A far better approach would be a plan that said: “We will seek legislation exempting CME staff from mandatory reporting requirements.”  That doesn’t mean they’d be prohibited from reporting, only that they’d be free to exercise their professional judgment without fear.  But that would require the family policing agency to relinquish some of its power. 

A good plan also would have included a provision allowing “mandated reporters” to fulfill their legal obligations by calling this new entity instead of calling the family police.  But that, too, would require the family policing agency to give up some of its power. 

The fact that this proposal is part of Connecticut’s plan to implement the so-called Family First Act creates additional problems.  Family First will only help states pay for a service if the service is provided for families where children are, using the law’s own Orwellian term, “candidates” for foster care.  That creates even more entanglement with the family police.  As the proposal itself says: 

…the CME will be expected to conduct an assessment protocol for all families coming through the CME. This will include 1) an evaluation of safety; if there is a safety concern the CME will make a call to the Careline for further evaluation, and 2) an assessment of risks, strengths, and needs to inform case planning, and service matching… 

So how can this be purely voluntary, if the family must allow all that “risk assessment”? Will a family that says: “no, thank you, we’re not interested” automatically become higher risk?  And how does all this constitute serving families “without having them become known to us”? 

At best, this seems no different from differential response, at worst is it simply subcontracting child abuse investigations by another name? 
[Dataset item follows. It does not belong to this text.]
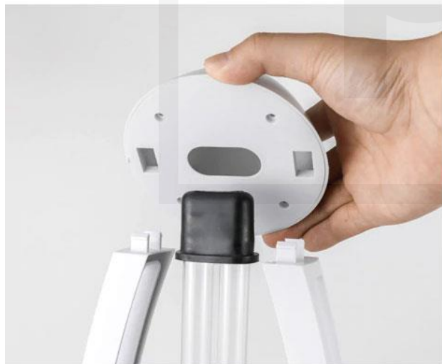
1. Skinite šrafove i otvorite gornji poklopac

Why entangle this with Family First at all?  Surely the richest state in America could come up with the $1.5 million needed for the CME without federal reimbursement. [UPDATE: I now understand the state is, in fact, going to come up with that $1.5 million without Family First.] As for Family First eligible services, with the strings that attach to them, savings from reduced foster care would cover the costs of any services the CME might arrange. 

A better approach would be to take the money the state would spend on the CMEs and give it to community-based community-run service providers, no strings attached, and let them figure out how to reach out to families and help them – in other words, what happened in New York City, not by design but by way of COVID-19.  But that would require the family police agency to relinquish some of its power. 

Short of that, there is one thing that would make this plan far more reassuring: If the mandate for the CME included immediately linking the family to high-quality interdisciplinary legal representation

But that would require the family police agency to – well, you know.